=== What needs to be done ===
Would you reproduce the whole listing exactly, dropping any pictures it holds?

=== Source material ===
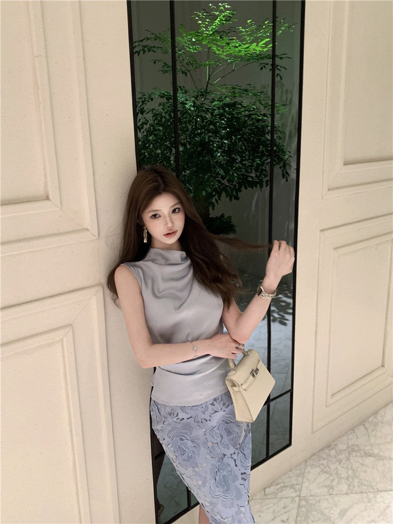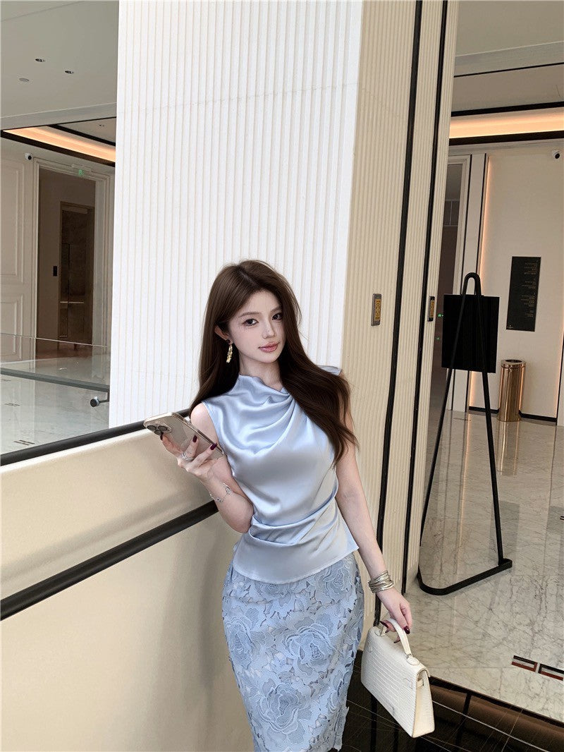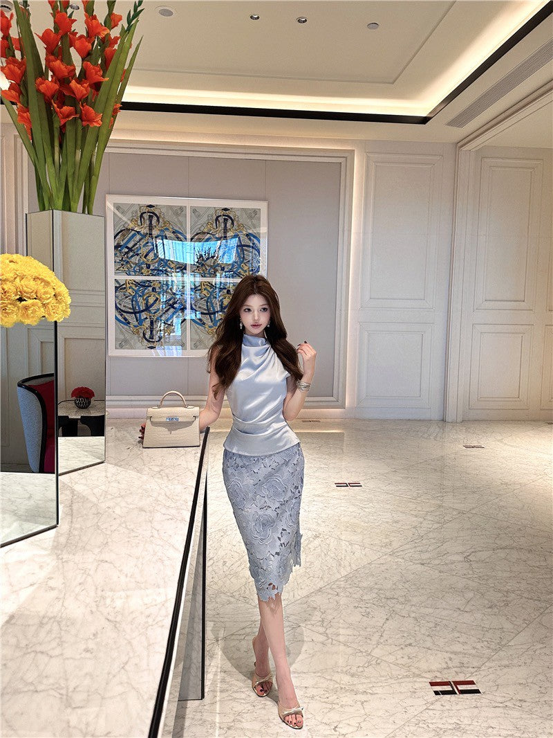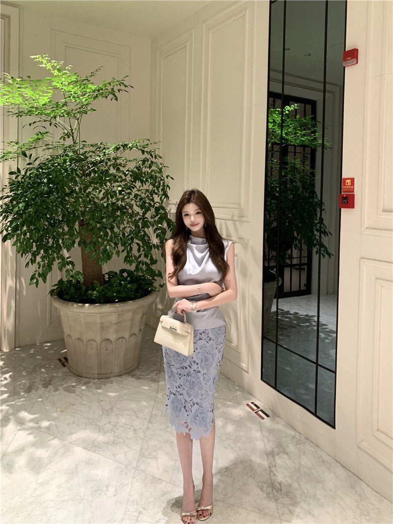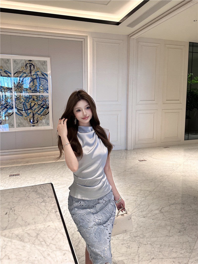 NA+ 明月藍花氣質褶皺緞面背心 蕾絲半身裙
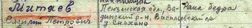 Фамилия Митяев Имя Василий Отчество Петрович Дата рождения/Возраст __.__.1906 Дата и место призыва 27.08.1941 Вадинский РВК, Пензенская обл., Вадинский р-н Воинское звание красноармеец Причина выбытия пропал без вести Дата выбытия __.03.1942 Название источника донесения ЦАМО Номер фонда источника информации 58 Номер описи источника информации 977520 Номер дела источника информации 143 https://obd-memorial.ru/html/info.htm?id=60614060
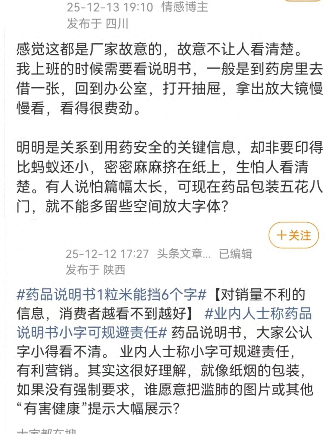 近期,“藥品說明書故意印小字隱瞞副作用”的說法在社交平臺引發熱議,不少網友吐槽“字小到需要放大鏡”,質疑廠家暗藏貓膩。
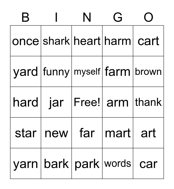 This bingo card has a free space and 27 words: mart, card, farm, park, yard, heart, shark, star, arm, art, hard, harm, yarn, bark, brown, few, funny, myself, new, once, thank, words, jar, car, far, cart and chart.

=== Your response ===
 NA+ 明月藍花氣質褶皺緞面背心 蕾絲半身裙
 Фамилия Митяев Имя Василий Отчество Петрович Дата рождения/Возраст __.__.1906 Дата и место призыва 27.08.1941 Вадинский РВК, Пензенская обл., Вадинский р-н Воинское звание красноармеец Причина выбытия пропал без вести Дата выбытия __.03.1942 Название источника донесения ЦАМО Номер фонда источника информации 58 Номер описи источника информации 977520 Номер дела источника информации 143 https://obd-memorial.ru/html/info.htm?id=60614060
 近期,“藥品說明書故意印小字隱瞞副作用”的說法在社交平臺引發熱議,不少網友吐槽“字小到需要放大鏡”,質疑廠家暗藏貓膩。
 This bingo card has a free space and 27 words: mart, card, farm, park, yard, heart, shark, star, arm, art, hard, harm, yarn, bark, brown, few, funny, myself, new, once, thank, words, jar, car, far, cart and chart.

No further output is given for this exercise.